The Maine Medical Association (MMA) is a professional organization founded in 1853 and headquartered in Manchester, Maine representing more than 3900 physicians, residents, and medical students whose mission is to support Maine physicians, advance the quality of medicine in Maine, and promote the health of all Maine citizens.

The MMA believes that the current U.S. health care system continues to produce some of the world’s most eminent clinicians and health care facilities who together provide some of the most advanced medical care in the world.   But, it does not provide basic health care as well as many other developed countries and, therefore, is not serving our country or its people as well as it should.  We face the problems with our current health care system in our daily encounters with patients.  We believe that the United States can and must do better in providing health care to its people.

Our objective should be to achieve basic health care for every resident of Maine, regardless of age, gender, race, place of residence, occupation or lack of it, employment status, health status, income or wealth status, or legal residency status. 

We support the “Quadruple Aim,” a framework developed by the Institute for Healthcare Improvement describing an approach to optimizing the performance of our health care system.  These core values are:

  1. Improving the patient experience of care, including quality and satisfaction;
  2. Improving the health of populations;
  3. Reducing the per capita cost of health care; and
  4. Improving the health and work life of health care clinicians and staff members.
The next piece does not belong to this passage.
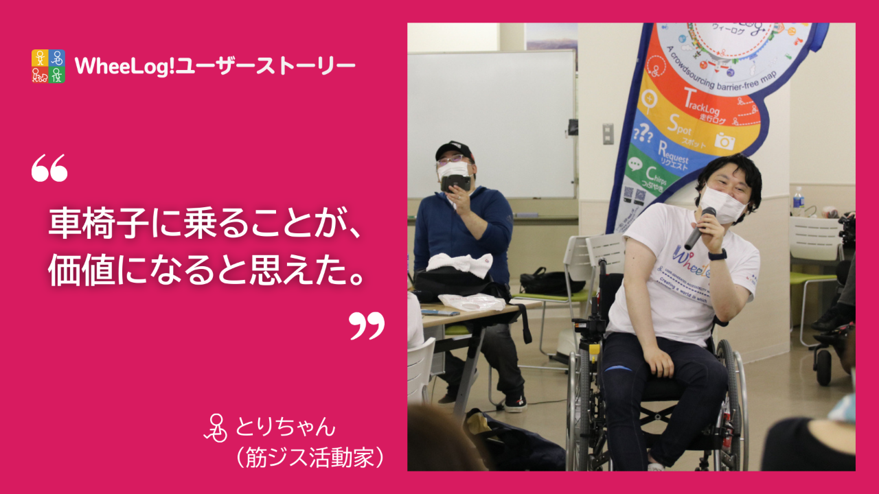 2025-11-26 15:00【ユーザーストーリー】車いすに乗ることが“価値”になった日──とりちゃんの言葉車いすに乗ることを前向きに選べたのは、WheeLog!と仲間たちとの出会いがあったから——。 筋ジス活動家のとりちゃんは、バリアフリー情報をみんなで投稿し合うこの仕組みが、人の外出を支え、やさしい社会を広げていく力になると話してくれました。街歩きやコミュニティの温かさにも触れ、「車いすでもあきらめない世界を一緒に」と呼びかけています。 ★認定NPO法人取得記念★サポーター募集中!寄付キャンペーン 11/30まで WheeLog!の無料アプリの運営を続けるため、継続寄付サポーターを募集しています。2025-11-26 15:00【ユーザーストーリー】車いすに乗ることが“価値”になった日──とりちゃんの言葉車いすに乗ることを前向きに選べたのは、WheeLog!と仲間たちとの出会いがあったから——。 筋ジス活動家のとりちゃんは、バリアフリー情報をみんなで投稿し合うこの仕組みが、人の外出を支え、やさしい社会を広げていく力になると話してくれました。街歩きやコミュニティの温かさにも触れ、「車いすでもあきらめない世界を一緒に」と呼びかけています。 ★認定NPO法人取得記念★サポーター募集中!寄付キャンペーン 11/30まで WheeLog!の無料アプリの運営を続けるため、継続寄付サポーターを募集しています。

Our health care system should strive to incorporate the following principles:

  1. Provide health care that is patient-centric and physician-directed. 
  2. Put the patient first and protect the sanctity of the physician-patient relationship, particularly respecting the physician’s autonomy as advocate for the patient.
  3. Promote the maximum possible choice in patients’ selection of physicians.
  4. Support a strong and vital public health infrastructure that can collaborate fully with physicians and the health care system to advance population health.
  5. Emphasize prevention and provide systemic support for healthier lifestyles, through incentives for identified health risk avoidance.
  6. Be politically sustainable by including everyone as a participant and, therefore, a stakeholder in supporting it.
  7. Be simple and fair, such that every participant can understand it and perceive that its financing burden and benefits are distributed fairly.
  8. Stress pooling of clinical risk rather than medical underwriting.
  9. Be efficient and have the ability to restrain rising health care costs at a system-wide level in the least intrusive way possible.
  10. Have the ability to integrate and coordinate services in order to reduce fragmentation and the division of medical care into “silos.”
  11. Improve quality and minimize errors by relying upon evidence-based medicine, benchmarking, and outcome measures driven by clinicians and administrators working together.
  12. Promote transparency of health care cost, quality, and outcome data.
  13. Reduce the burden of administration to the greatest extent possible and include a billing system that is streamlined and consistent, as well as a payment system that is prompt and outcomes oriented.
  14. Make health information technology (HIT), including electronic medical records (EMRs), more user friendly and more focused on clinical matters, rather than financial matters, and completely interoperable in order to facilitate rather than impede communication and work flow among clinicians, patients, and health care facilities.
  15. Include a rational means of resolving medical liability disputes in order to restrain defensive medicine.